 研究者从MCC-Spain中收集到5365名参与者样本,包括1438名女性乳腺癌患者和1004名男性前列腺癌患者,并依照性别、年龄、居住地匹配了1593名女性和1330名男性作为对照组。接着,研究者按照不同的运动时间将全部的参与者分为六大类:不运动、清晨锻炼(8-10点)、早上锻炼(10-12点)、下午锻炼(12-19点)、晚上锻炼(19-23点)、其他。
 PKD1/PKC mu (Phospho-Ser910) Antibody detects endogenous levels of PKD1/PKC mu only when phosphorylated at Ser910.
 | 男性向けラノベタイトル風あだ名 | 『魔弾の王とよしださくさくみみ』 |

------------------------------------------------------------------------

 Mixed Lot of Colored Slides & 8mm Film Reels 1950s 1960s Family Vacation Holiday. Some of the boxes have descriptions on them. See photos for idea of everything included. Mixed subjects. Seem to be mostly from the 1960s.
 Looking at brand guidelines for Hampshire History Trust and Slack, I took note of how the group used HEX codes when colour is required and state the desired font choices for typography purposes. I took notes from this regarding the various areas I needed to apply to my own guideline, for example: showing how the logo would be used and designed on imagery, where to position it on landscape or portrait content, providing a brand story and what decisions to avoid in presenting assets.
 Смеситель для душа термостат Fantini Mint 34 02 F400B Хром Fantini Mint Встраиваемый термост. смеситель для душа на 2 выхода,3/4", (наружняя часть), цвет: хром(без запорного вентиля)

------------------------------------------------------------------------

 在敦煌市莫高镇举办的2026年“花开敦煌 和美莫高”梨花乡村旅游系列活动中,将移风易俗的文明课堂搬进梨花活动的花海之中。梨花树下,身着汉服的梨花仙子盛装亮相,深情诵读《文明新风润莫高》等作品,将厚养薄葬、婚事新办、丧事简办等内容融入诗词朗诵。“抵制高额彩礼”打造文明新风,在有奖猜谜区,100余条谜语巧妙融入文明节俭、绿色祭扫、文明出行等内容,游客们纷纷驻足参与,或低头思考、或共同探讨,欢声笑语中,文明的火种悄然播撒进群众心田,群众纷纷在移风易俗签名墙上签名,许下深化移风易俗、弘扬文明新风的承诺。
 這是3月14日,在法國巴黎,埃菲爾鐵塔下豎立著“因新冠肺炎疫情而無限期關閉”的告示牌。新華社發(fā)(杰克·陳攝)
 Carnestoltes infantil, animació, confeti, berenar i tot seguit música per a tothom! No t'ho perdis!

------------------------------------------------------------------------

# [ABOUT THIS EXERCISE]
Only the lines above starting at the one containing "PKD1/PKC mu (Phospho-Ser910)" and ending at the one containing "男性向けラノベタイトル風あだ名 | 『魔弾の王とよしださくさくみみ』 |", both included, are to be returned, exactly as they read.

# [RESPONSE]
 PKD1/PKC mu (Phospho-Ser910) Antibody detects endogenous levels of PKD1/PKC mu only when phosphorylated at Ser910.
 | 男性向けラノベタイトル風あだ名 | 『魔弾の王とよしださくさくみみ』 |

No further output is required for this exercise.